Task to carry out = Below are some records. Output the lines from the first one through the line that holds "Very stylish teal", exactly as written, with no pictures.

Collected data entries:
—————

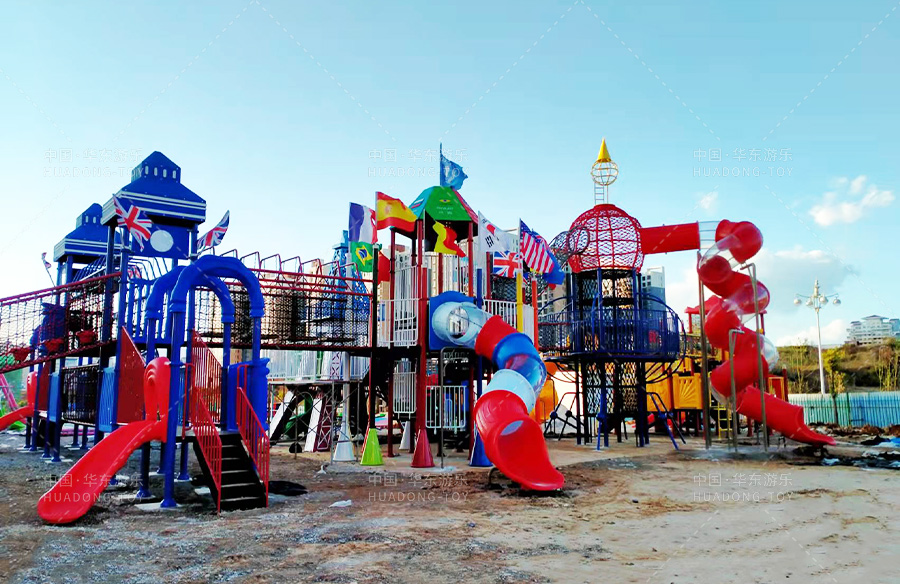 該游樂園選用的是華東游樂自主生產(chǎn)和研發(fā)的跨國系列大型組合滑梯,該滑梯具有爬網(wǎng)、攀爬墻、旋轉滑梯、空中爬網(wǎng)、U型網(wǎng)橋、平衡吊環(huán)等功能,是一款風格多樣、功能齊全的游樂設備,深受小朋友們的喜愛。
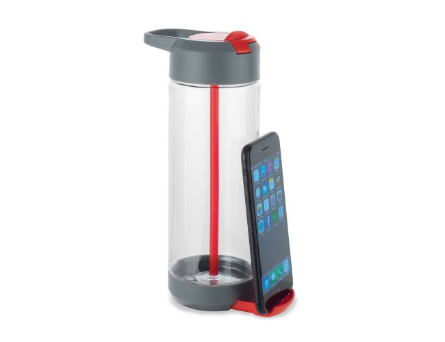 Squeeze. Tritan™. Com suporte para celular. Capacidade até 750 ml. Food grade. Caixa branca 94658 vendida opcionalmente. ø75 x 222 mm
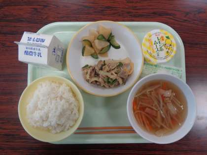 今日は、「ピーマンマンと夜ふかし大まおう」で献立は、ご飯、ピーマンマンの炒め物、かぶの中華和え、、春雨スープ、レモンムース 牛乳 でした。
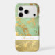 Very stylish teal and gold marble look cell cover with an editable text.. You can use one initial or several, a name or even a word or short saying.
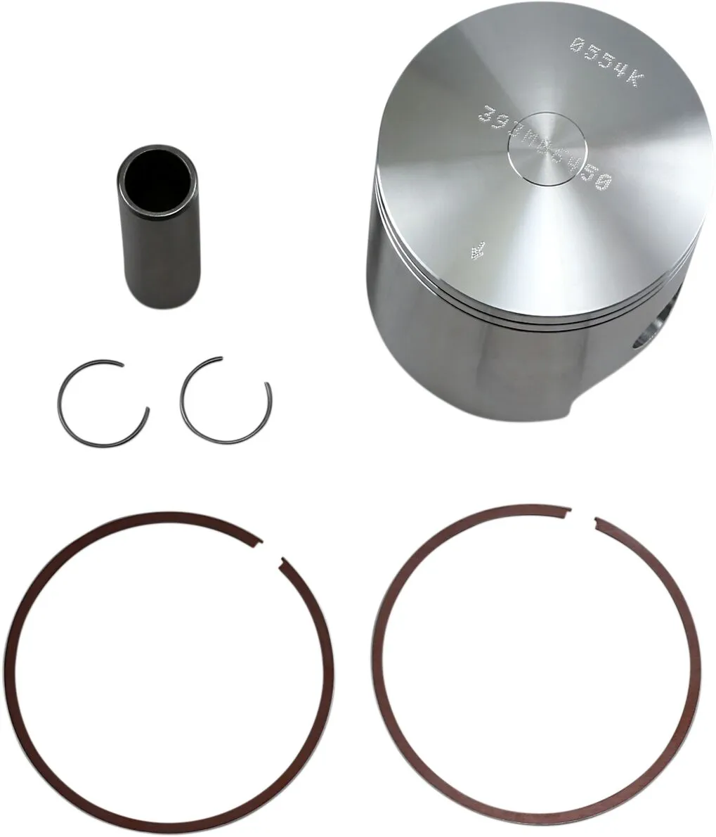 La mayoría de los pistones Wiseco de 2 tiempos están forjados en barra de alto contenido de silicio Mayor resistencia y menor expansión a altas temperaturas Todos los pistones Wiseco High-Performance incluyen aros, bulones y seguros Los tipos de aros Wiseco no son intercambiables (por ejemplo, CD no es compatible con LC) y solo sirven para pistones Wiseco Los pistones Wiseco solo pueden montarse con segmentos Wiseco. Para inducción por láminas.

—————

Answer for this exercise =
 該游樂園選用的是華東游樂自主生產(chǎn)和研發(fā)的跨國系列大型組合滑梯,該滑梯具有爬網(wǎng)、攀爬墻、旋轉滑梯、空中爬網(wǎng)、U型網(wǎng)橋、平衡吊環(huán)等功能,是一款風格多樣、功能齊全的游樂設備,深受小朋友們的喜愛。
 Squeeze. Tritan™. Com suporte para celular. Capacidade até 750 ml. Food grade. Caixa branca 94658 vendida opcionalmente. ø75 x 222 mm
 今日は、「ピーマンマンと夜ふかし大まおう」で献立は、ご飯、ピーマンマンの炒め物、かぶの中華和え、、春雨スープ、レモンムース 牛乳 でした。
 Very stylish teal and gold marble look cell cover with an editable text.. You can use one initial or several, a name or even a word or short saying.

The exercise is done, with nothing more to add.